Sun, 18/11/2009 – Jude Fanton

Dorobushi is a restaurant in Ginza, a smart shopping area of Tokyo. But it is different to all the others. The owner has made a commitment to using not only ingredients grown organically but those from natural farming method that does not use any inputs. They also eschew the use of fridges as they like their produce fresh and consider a fridge a food cemetery.

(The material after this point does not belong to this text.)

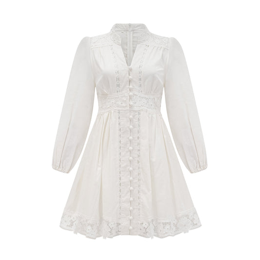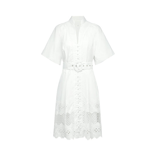 18% İndirimOcéane Beyaz Dantel Panelli Mini Elbise

Last night we were guests of the restaurant for a meal of vegetables and rice eaten with students of The Seed Meister.

Organic production is often heavily reliant on manures as fertiliser to boost production that can result in high levels of nitrates in the produce. The natural farming method rejects their use. Consumers of this produce claim it helps reduce allergies, can cure and alleviate disease and tastes better. Several of the attendees at the party last night were cancer sufferers, some had claims of cures for chronic diseases like atopic syndrome through eating produce from this farming method.

Whatever the effects of eating this food, it sure tasted good. While the ingredients were standard Japanese vegetables – rice, burdock roots, lettuce, grated carrot, pickled daikon, carrot and cucumber, mushrooms – the taste was much more intense than any others we have eaten in our two weeks in Japan.

It made us a bit homesick for the produce we eat from our low-input gardens back in Australia.